An “extraordinarily strong” negative refractive index as large as -700 — more than 100 times larger than most previously reported — was achieved in metamaterials using a new technique developed by scientists at the Harvard School of Engineering and Applied Sciences (SEAS) in collaboration with Weizmann Institute of Science in Israel.

In a vacuum, light travels so fast that it can circle the Earth more than seven times within the blink of an eye. When light propagates through matter, however, it slows by a factor typically less than 5. This factor, called the refractive index, is positive in naturally occurring materials, and it causes light to bend in a particular direction when it shines on water or glass, for example.

Over the past 20 years, scientists have created artificial materials whose refractive indices are negative; these negative-index metamaterials defy normal experience by bending light in the “wrong” direction. They have been celebrated by both scientists and engineers for their unusual ability to manipulate electromagnetic waves and for their potential to be harnessed for technologies such as 3-D cloaking.


The chamber of the probe station where Donhee Ham’s research group tests the new metamaterials. (Image: Eliza Grinnell, Harvard SEAS Communications)

Now, the Harvard SEAS and Weizmann Institute scientists have demonstrated a drastically new way of achieving negative refraction in metamaterials by applying kinetic inductance, which is the manifestation of the acceleration of electrons subjected to electric fields, according to Newton’s second law of motion.

"This work may bring the science and technology of negative refraction into an astoundingly miniaturized scale, confining the negatively refracting light into an area that is 10,000 times smaller than many previous negative-index metamaterials," said principal investigator Donhee Ham, Gordon McKay Professor of Electrical Engineering and Applied Physics at SEAS.

The researchers' change in strategy from using magnetic inductance to kinetic inductance is based on a simple shift in ideas.

"Magnetic inductance represents the tendency of the electromagnetic world to resist change according to Faraday's law," Ham said. "Kinetic inductance, on the other hand, represents the reluctance to change in the mechanical world, according to Newton's law."

"When electrons are confined perfectly into two dimensions, kinetic inductance becomes much larger than magnetic inductance, and it is this very large two-dimensional kinetic inductance that is responsible for the very strong negative refraction we achieve," said lead author Hosang Yoon, a graduate student at SEAS. "The dimensionality profoundly affects the condensed-matter electron behaviors, and one of those is the kinetic inductance."


The experimental setup in Donhee Ham’s lab, shown here, tests the new metamaterials, which are fabricated on tiny chips. The metamaterials themselves are inside the probing chamber at the bottom right. Imaged through the black microscope, they appear on the screen at the top of this image. (Image: Eliza Grinnell, Harvard SEAS Communications)

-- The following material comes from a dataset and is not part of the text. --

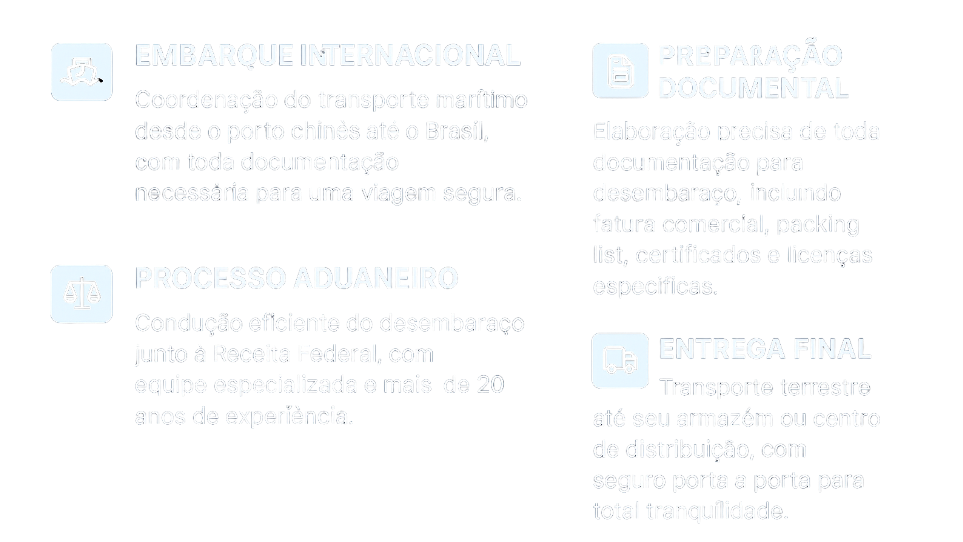 Nosso compromisso é oferecer uma jornada de importação estruturada, transparente e alinhada aos objetivos do seu negócio. Atuamos com foco total em resultados reais e mensuráveis, garantindo segurança em cada etapa do processo. Veja o que nos diferencia:

Ham and Yoon employed a two-dimensional electron gas (2DEG) to obtain the large kinetic inductance. The very “clean” 2DEG sample, fabricated by Vladimir Umansky of Weizmann Institute, forms at the interface of two semiconductors: gallium arsenide and aluminum gallium arsenide.

Ham's team sliced a sheet of 2DEG into an array of strips and used gigahertz-frequency electromagnetic waves to accelerate electrons in the leftmost few strips. The resulting movements of electrons in these strips were "felt" by the neighboring strips to the right, where electrons are consequently accelerated.

In this way, the device propagates an effective wave to the right, in a direction perpendicular to the strips, each of which acts as a kinetic inductor because of the electrons' acceleration therein. This effective wave exhibited what the researchers call a "staggering" degree of negative refraction.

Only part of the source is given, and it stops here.